Kenya’s
real estate sector is dominated by high-net-worth individuals and
corporations, with very few youths investing in the industry, mostly due
to challenges in accessing financing. Kimiti Wanjaria (28) and Ian
Kahara (30), the co-founders of Serene Valley Properties, represent a
new crop of youths who are teaming up to invest in the property market.
The two IT professionals are behind the Sigona Valley project, a KSh350m
(US$4.2m) gated estate outside Nairobi. The duo shared their
experiences with How we made it in Africa’s Dinfin Mulupi.
Tell us more about the Sigona Valley project
Kahara: It is a gated community located about 20
minutes drive away from Nairobi. It has panoramic views and beautiful
scenery. In the north it overlooks Mount Kilimanjaro. We have Mount
Longonot to the south and in between we have Suswa Mountains just before
Masai Mara and the Ngong Hills. It is set up on a hill overlooking two
valleys. We are constructing three and four bedroom villas in three
different house designs. We plan to hand out the 30 villas by August
2013. We are targeting the middle-income market segment. We believe now
is the time to buy because we expect the value to appreciate. So far we
have sold 50% of the units.
How did you get into property development?

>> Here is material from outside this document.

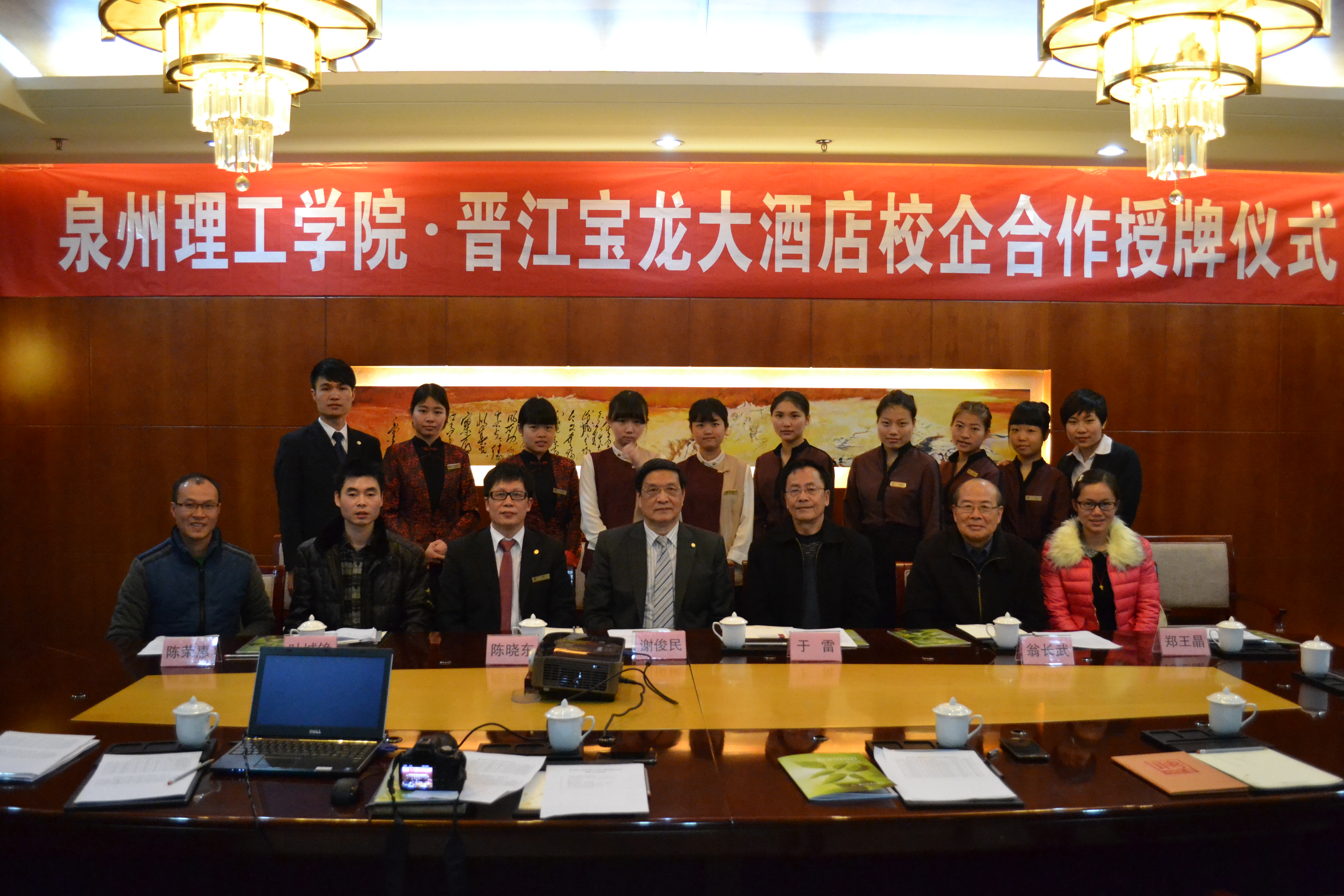 2015年3月13日,泉州理工学院与晋江宝龙大酒店在宝龙大酒店4楼会议厅举行校企合作挂牌仪式,参加仪式的有宝龙大酒店副总经理谢俊民先生、宝龙大酒店人事总监陈晓东先生,以及泉州理工学院副校长于雷教授、商学院院长翁长武副教授等。

Wanjaria: We came together because we thought real estate is a new frontier due to the housing shortage in Kenya
… One day when we were having drinks we began talking about how to
unlock potential in parcels of land that we own. We gambled with it and
registered a company. We found two other partners Johnson Waweru and
Thomas Koigi, who believed in the idea and we hit the ground running.
Real estate is capital intensive. How did you finance the project?
Kahara: The project is structured in such a way that
we, the developers, have to finance part of it. To fill this gap, we
thought of several options, one of them being debt financing, but
getting money from the banks was a huge challenge. We talked to 12 banks
and gave them proposals. They all asked for three years audited
accounts, which we did not have. They focused on our own early-stage
career profiles, and the assets we had already accumulated, rather than
the project itself. In short, they did not want to finance us and this
was very frustrating. Everyone told us our idea was good but we could
not raise money to implement it. We then approached pan-African
development funding institution Shelter Afrique. They looked at the
project and gave us a loan of KSh200m ($2.4m).
What challenges have you faced?
Wanjaria: Other than funding we also found out that
most of the consultants we worked with in the real estate industry are
very traditional. There is a certain way they want to do things. We
found that to be a bit too rigid for us. As a dynamic team, we are
raring to go. Getting statutory approvals from the government and
council offices was also challenging because of bureaucracy. Most of the
people we consulted with were very discouraging. They were saying
interest rates are at a ten year high and that we have never built even a
single house and now we wanted to build 30. They told us to try after
15 years. As a team we were wondering, why should we wait until we are
60 to do something we can do today?
What advice can you give to young people interested in investing in real estate?
Wanjaria: They should document their ideas. We have
seen the project through on paper as successful. We are diligently
implementing step by step. When you can present your ideas properly,
people tend to support you. They should also consult with the right
professionals. You can hit success at 30; you don’t have to wait until
60. Have unwavering commitment and be patient.